The issue price you pay for the securities will exceed their estimated initial value. The issue price you pay for the securities will exceed their estimated initial value as of the pricing date due to the inclusion in the issue price of the underwriting discount, hedging costs, issuance costs and other costs and projected profits. As of the close of the relevant markets on the pricing date, we will determine the estimated initial value of the securities by reference to our internal pricing models and the estimated initial value of the securities will be set forth in the applicable pricing supplement. The pricing models used to determine the estimated initial value of the securities incorporate certain variables, including the levels of the underlying indices, volatility of the underlying indices, the correlation of the underlying indices, any dividends paid on the index constituent stocks, prevailing interest rates, the term of the securities and our internal funding rate.

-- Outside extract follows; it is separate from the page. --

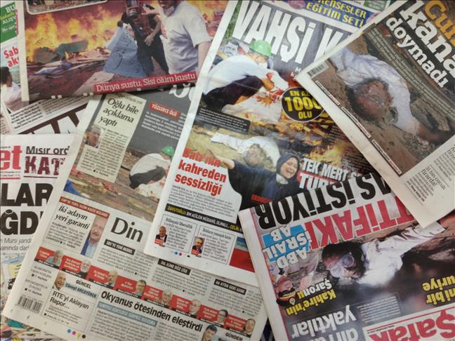 On their Thursday editions, all of the Turkish dailies provided wide coverage of developments regarding the Egyptian crackdown on pro-Morsi sit-ins as well as the reactions of the global community and condemnation over the violence in the country.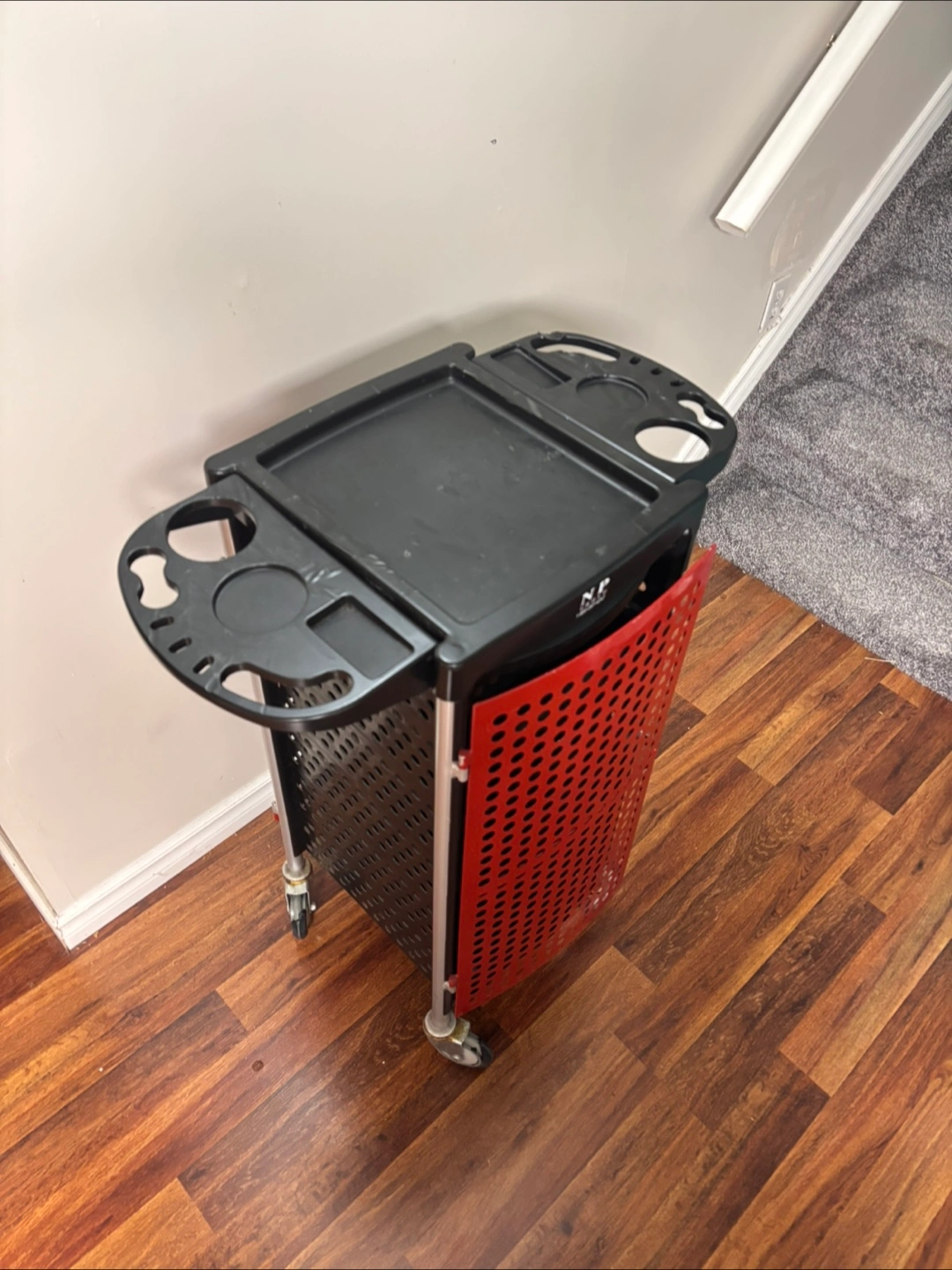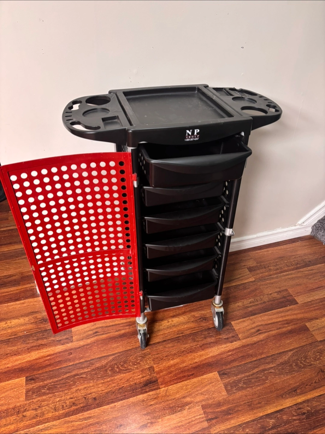 Black and red salon trolley. Five drawers. Top tray with various compartments. Rolling wheels. Red perforated side panel.

Our internal funding rate is typically lower than the rate we would pay to issue conventional fixed or floating rate debt securities of a similar term. The underwriting discount, hedging costs, issuance and other costs, projected profits and the difference in rates will reduce the economic value of the securities to you. Due to these factors, the estimated initial value of the securities as of the pricing date will be less than the issue price you pay for the securities.

The estimated initial value is a theoretical price and the actual price that you may be able to sell your securities in any secondary market (if any) at any time after the pricing date may differ from the estimated initial value. The value of your securities at any time will vary based on many factors, including the factors described above and in “— Risks Relating to Characteristics of the Underlying Indices — Market risk” above and is impossible to predict. Furthermore, the pricing models that we use are proprietary and rely in part on certain assumptions about future events, which may prove to be incorrect. As a result, after the pricing date, if you attempt to sell the securities in the secondary market, the actual value you would receive may differ, perhaps materially, from the estimated initial value of the securities determined by reference to our internal pricing models. The estimated initial value of the securities does not represent a minimum or maximum price at which we or any of our affiliates would be willing to purchase your securities in any secondary market at any time.

Our actual profits may be greater or less than the differential between the estimated initial value and the issue price of the securities as of the pricing date. We may determine the economic terms of the securities, as well as hedge our obligations, at least in part, prior to the pricing date. In addition, there may be ongoing costs to us to maintain and/or adjust any hedges and such hedges are often imperfect. Therefore, our actual profits (or potentially, losses) in issuing the securities cannot be determined as of the pricing date and any such differential between the estimated initial value and the issue price of the securities as of the pricing date does not reflect our actual profits. Ultimately, our actual profits will be known only at the maturity of the securities.

Risks Relating to Liquidity and Secondary Market Price Considerations

There may be little or no secondary market for the securities. The securities will not be listed or displayed on any securities exchange or any electronic communications network. UBS Securities LLC and its affiliates intend, but are not required, to make a market for the securities and may stop making a market at any time. If you are able to sell your securities prior to maturity, you may have to sell them at a substantial loss. Furthermore, there can be no assurance that a secondary market for the securities will develop. The estimated initial value of the securities does not represent a minimum or maximum price at which we or any of our affiliates would be willing to purchase your securities in any secondary market at any time.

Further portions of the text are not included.